Ora: non mi piace l’atto di dissacrare in sé, e i miti di solito sono miti per dei buoni motivi. Più che dissacrare il mito del New Yorker, sento il bisogno, dopo un lustro che ha rinnovato il panorama del giornalismo culturale italiano, di fare il punto della situazione su questa idea.

Ho comprato l’edizione tascabile di Reporting Always, la raccolta degli articoli più belli di Lillian Ross, una delle firme più significative della rivista che vanta innumerevoli tentativi d’imitazione. Ross è la persona perfetta per fare una radiografia allo stile New Yorker: è diventata staff writer nientemeno che nel 1945, e il libro comincia con una giovane Julie Andrews e poi il cane Lassie.
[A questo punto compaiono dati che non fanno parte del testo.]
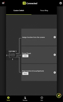 Custom functions from the camera body can be assigned.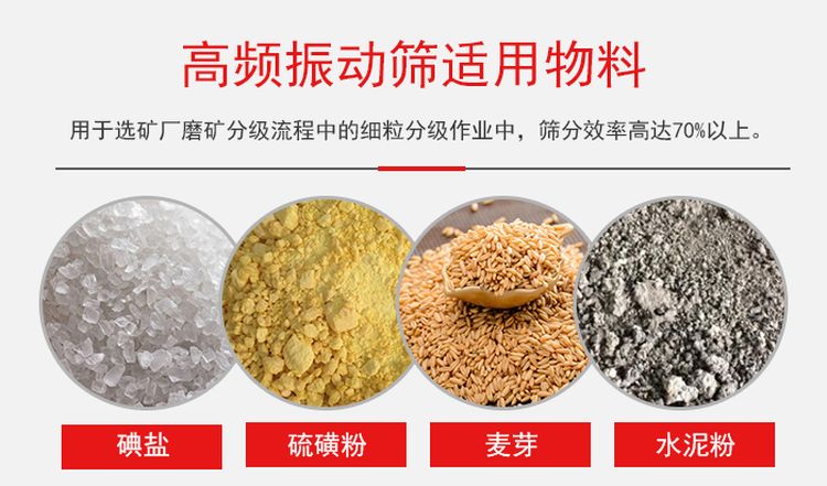 而高頻振動(dòng)篩用于選礦廠磨礦分級流程中的細(xì)粒分級作業(yè),在適當(dāng)?shù)慕o料濃度、給料粒度(-200目粒級含量)、以及需求篩下粒度與給料粒度之差小于30個(gè)百分點(diǎn)的條件下,篩分效率高達(dá)70%以上。

Tra gli ultimi pezzi, un ritratto dell’artista Wes Anderson da giovane, nei primi anni Duemila. Il libro è dedicato «al branco talentuoso degli editor disinteressati [selfless] del New Yorker 1945-2015». Settant’anni di Bauhaus giornalistica: funzionalismo, abnegazione, stile redazionale unificante e a prova di ego (perfino il vanitosissimo John Updike pubblicava recensioni brevi non firmate).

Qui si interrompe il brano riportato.